Broken or evil?
In the news was a story about a missing 10-year-old girl. The news now tells us that a seventeen year old boy has been arrested in connection to the abduction and murder of that little girl.
The teens mother called the police and he turned himself in. I know in my head and my soul that was the right thing for her to do, but for the life of me – can not imagine or begin to fathom her pain!
It makes me think of one of my favorite quotes by W.H. Auden
“Evil is unspectacular and always human, and shares our bed and eats at our own table”.
I then think of the definition of evil. Profound immorality, wickedness, and depravity, esp. when regarded as a supernatural force.
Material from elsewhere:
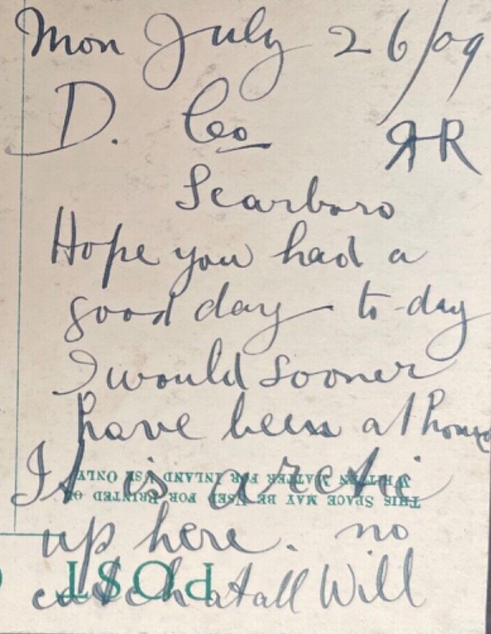 “Hope you had a good day to day. I would sooner have been at home. It is artic up here. No catch at all. Will”

Are people who commit murder evil? Or are they ill? I’m not talking about self-defense, I’m talking about taking someones life intentionally for no apparent justifiable reason.
Each one of us is capable of murder. But we’re wired to NOT.
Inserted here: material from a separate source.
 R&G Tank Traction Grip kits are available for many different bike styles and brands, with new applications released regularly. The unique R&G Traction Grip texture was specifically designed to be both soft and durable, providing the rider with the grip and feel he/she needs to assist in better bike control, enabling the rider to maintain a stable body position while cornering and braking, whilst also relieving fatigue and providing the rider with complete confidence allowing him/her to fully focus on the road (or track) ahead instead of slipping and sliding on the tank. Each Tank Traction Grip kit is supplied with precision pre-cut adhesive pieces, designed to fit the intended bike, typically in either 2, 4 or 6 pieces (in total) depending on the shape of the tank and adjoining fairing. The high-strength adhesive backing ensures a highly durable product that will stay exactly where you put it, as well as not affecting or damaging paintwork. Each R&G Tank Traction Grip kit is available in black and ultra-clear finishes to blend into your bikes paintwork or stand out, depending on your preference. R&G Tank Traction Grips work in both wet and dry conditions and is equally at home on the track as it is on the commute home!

So what is happening when there’s nothing in your head, heart or soul that shouts “NO!” And what must it be like to go through life that way?
I’m not excusing, justifying or siding with murderers, please don’t get me wrong!
But I struggle with this. If someone is born without the ability to understand right from wrong, void of the ability to empathize or sympathize and is capable of taking someones life – aren’t they too victims? Wired differently – from birth.
It boggles my mind.
When I’m in public, especially a large chain store – I wonder who just smiled at me, who just brushed past me. I passively interact with hundreds of people, and among them, statistics dictate there MUST be a sampling of child molesters, rapists, murderers … that man who held the door open for me, does he go home and beat his wife?
I drive to work and see children waiting at various bus stops to go to school and wonder which ones didn’t sleep well the night before due to abuse in the house.
Bullies. Well, of course I hated them as a child. But I know now they’re projecting their own pain onto others.
There’s just so much more than meets the eye. Definitely a topic I probably shouldn’t dwell too much on. But I am fascinated by human behavior.
What courage it took for that mother to turn her son in. I don’t know if I could have done that. I think a part of me would be in such denial – my first instinct would probably be to want to grab my ‘baby’ and run! Run away with him and try to make him well!
She did the right thing.
My heart aches for that little 10-year-old girl and her family.
My heart aches for the confessed murders family.
But is it wrong that my heart also aches for that 17-year-old who can never undo the life changing horror he committed?